#### YOUR ASSIGNMENT:
Leaving out the images, please reproduce each line below exactly.

#### WORKING DATA:
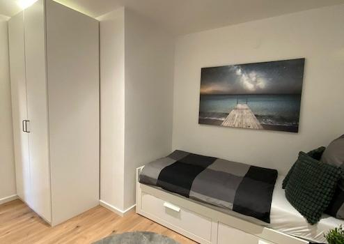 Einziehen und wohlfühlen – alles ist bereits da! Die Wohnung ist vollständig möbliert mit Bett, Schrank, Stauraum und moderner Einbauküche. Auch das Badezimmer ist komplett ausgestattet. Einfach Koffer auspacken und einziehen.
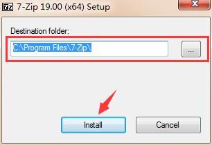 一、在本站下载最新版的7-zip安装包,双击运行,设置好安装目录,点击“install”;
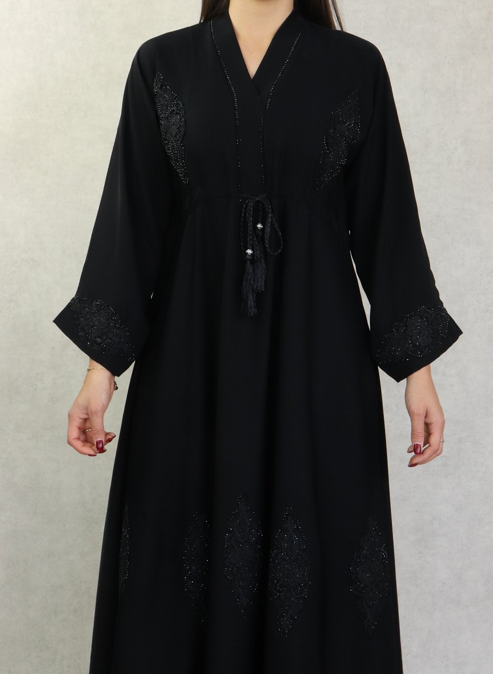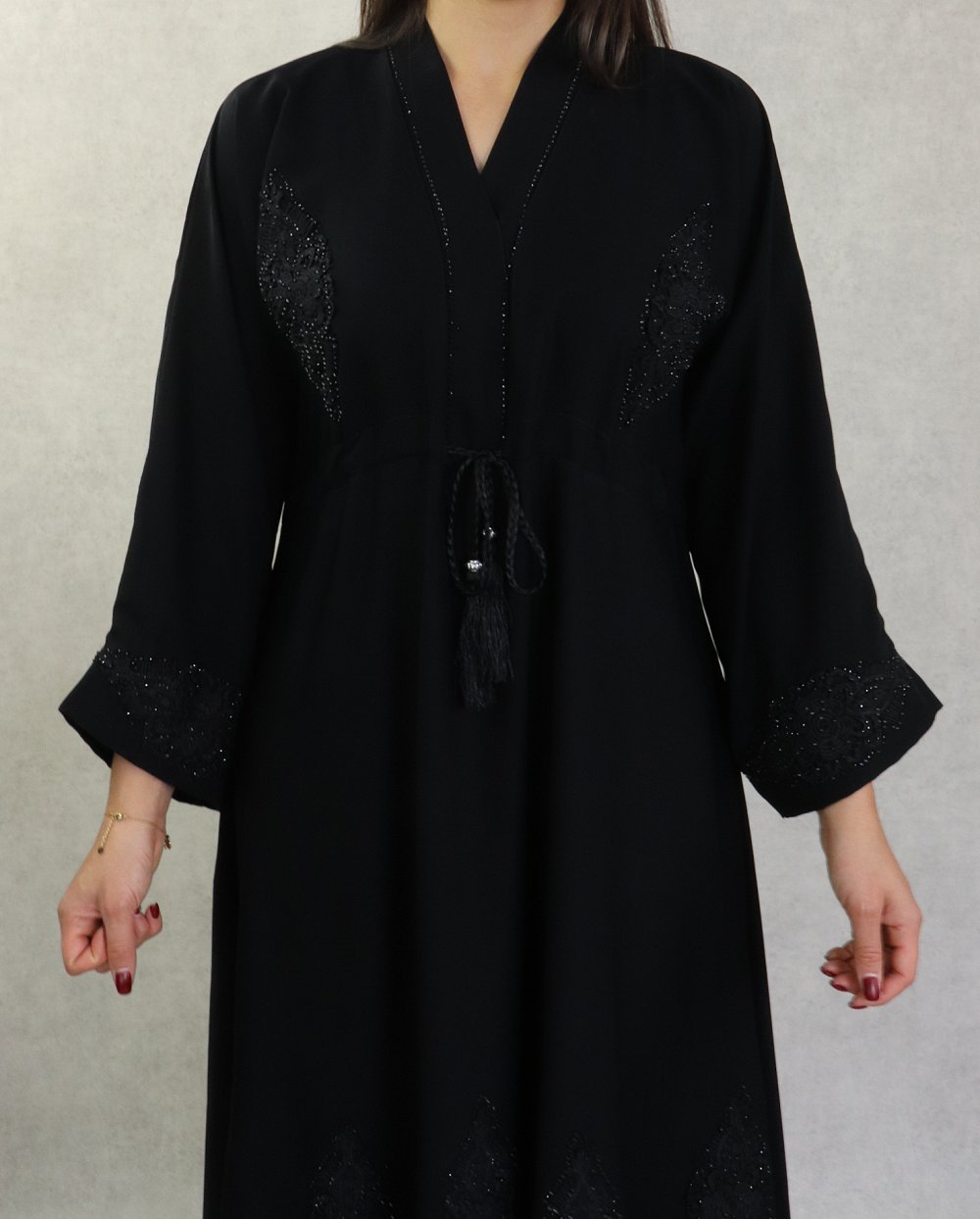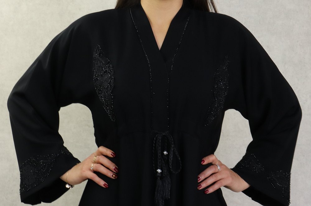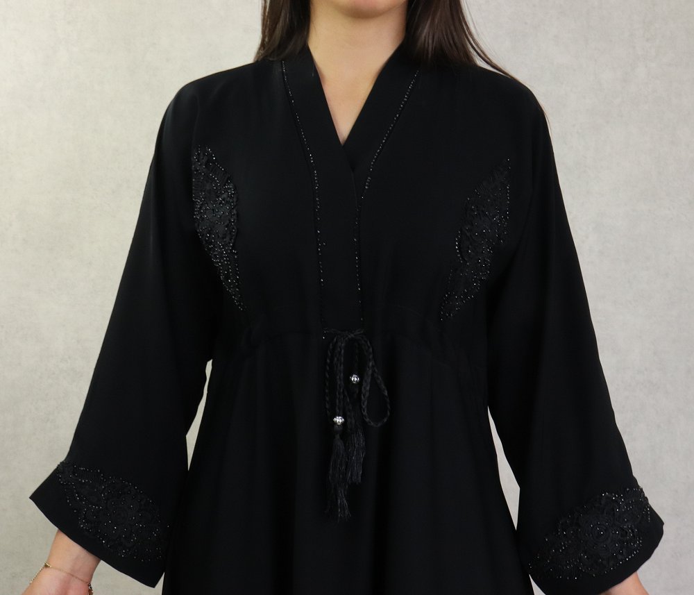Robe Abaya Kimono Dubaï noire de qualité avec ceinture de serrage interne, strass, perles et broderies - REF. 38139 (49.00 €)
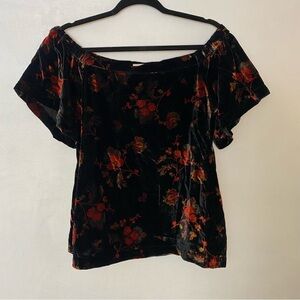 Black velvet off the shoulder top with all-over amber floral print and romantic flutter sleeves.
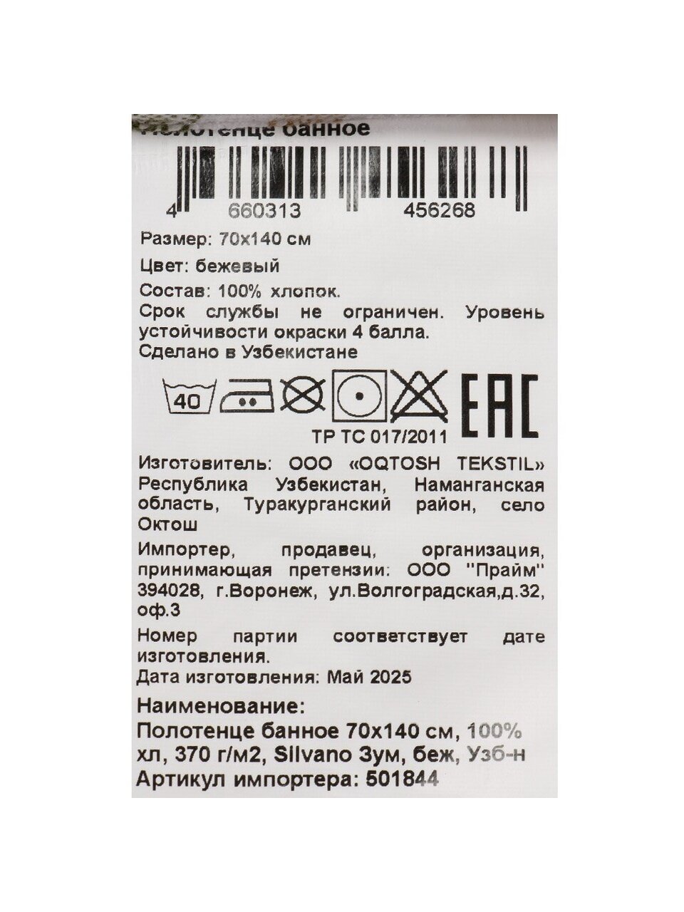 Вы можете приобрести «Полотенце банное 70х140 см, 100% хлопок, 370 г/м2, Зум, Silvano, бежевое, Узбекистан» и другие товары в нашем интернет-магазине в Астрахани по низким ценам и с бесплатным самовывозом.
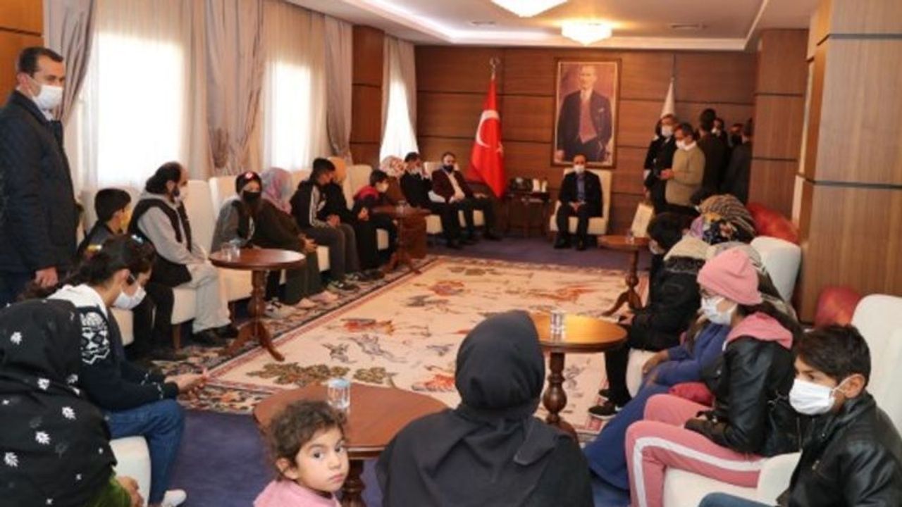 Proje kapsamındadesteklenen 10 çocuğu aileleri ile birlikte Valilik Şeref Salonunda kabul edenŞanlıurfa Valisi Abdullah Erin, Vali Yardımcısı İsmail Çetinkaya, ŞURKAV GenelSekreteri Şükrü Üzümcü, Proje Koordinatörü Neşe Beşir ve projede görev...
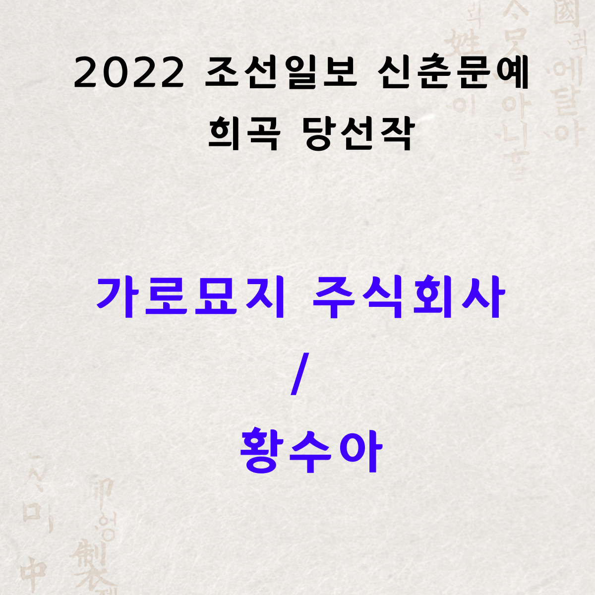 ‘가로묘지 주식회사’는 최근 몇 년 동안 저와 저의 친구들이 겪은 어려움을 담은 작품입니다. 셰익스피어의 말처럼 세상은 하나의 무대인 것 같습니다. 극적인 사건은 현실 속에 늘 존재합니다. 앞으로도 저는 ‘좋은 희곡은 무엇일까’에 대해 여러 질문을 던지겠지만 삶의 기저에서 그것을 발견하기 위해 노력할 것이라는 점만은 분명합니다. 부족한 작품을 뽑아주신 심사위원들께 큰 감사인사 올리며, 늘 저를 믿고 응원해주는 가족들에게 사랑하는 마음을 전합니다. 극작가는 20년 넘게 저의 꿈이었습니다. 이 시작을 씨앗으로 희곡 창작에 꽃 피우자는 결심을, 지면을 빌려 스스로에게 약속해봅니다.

#### ANSWER TO THE PROBLEM:
 Einziehen und wohlfühlen – alles ist bereits da! Die Wohnung ist vollständig möbliert mit Bett, Schrank, Stauraum und moderner Einbauküche. Auch das Badezimmer ist komplett ausgestattet. Einfach Koffer auspacken und einziehen.
 一、在本站下载最新版的7-zip安装包,双击运行,设置好安装目录,点击“install”;
Robe Abaya Kimono Dubaï noire de qualité avec ceinture de serrage interne, strass, perles et broderies - REF. 38139 (49.00 €)
 Black velvet off the shoulder top with all-over amber floral print and romantic flutter sleeves.
 Вы можете приобрести «Полотенце банное 70х140 см, 100% хлопок, 370 г/м2, Зум, Silvano, бежевое, Узбекистан» и другие товары в нашем интернет-магазине в Астрахани по низким ценам и с бесплатным самовывозом.
 Proje kapsamındadesteklenen 10 çocuğu aileleri ile birlikte Valilik Şeref Salonunda kabul edenŞanlıurfa Valisi Abdullah Erin, Vali Yardımcısı İsmail Çetinkaya, ŞURKAV GenelSekreteri Şükrü Üzümcü, Proje Koordinatörü Neşe Beşir ve projede görev...
 ‘가로묘지 주식회사’는 최근 몇 년 동안 저와 저의 친구들이 겪은 어려움을 담은 작품입니다. 셰익스피어의 말처럼 세상은 하나의 무대인 것 같습니다. 극적인 사건은 현실 속에 늘 존재합니다. 앞으로도 저는 ‘좋은 희곡은 무엇일까’에 대해 여러 질문을 던지겠지만 삶의 기저에서 그것을 발견하기 위해 노력할 것이라는 점만은 분명합니다. 부족한 작품을 뽑아주신 심사위원들께 큰 감사인사 올리며, 늘 저를 믿고 응원해주는 가족들에게 사랑하는 마음을 전합니다. 극작가는 20년 넘게 저의 꿈이었습니다. 이 시작을 씨앗으로 희곡 창작에 꽃 피우자는 결심을, 지면을 빌려 스스로에게 약속해봅니다.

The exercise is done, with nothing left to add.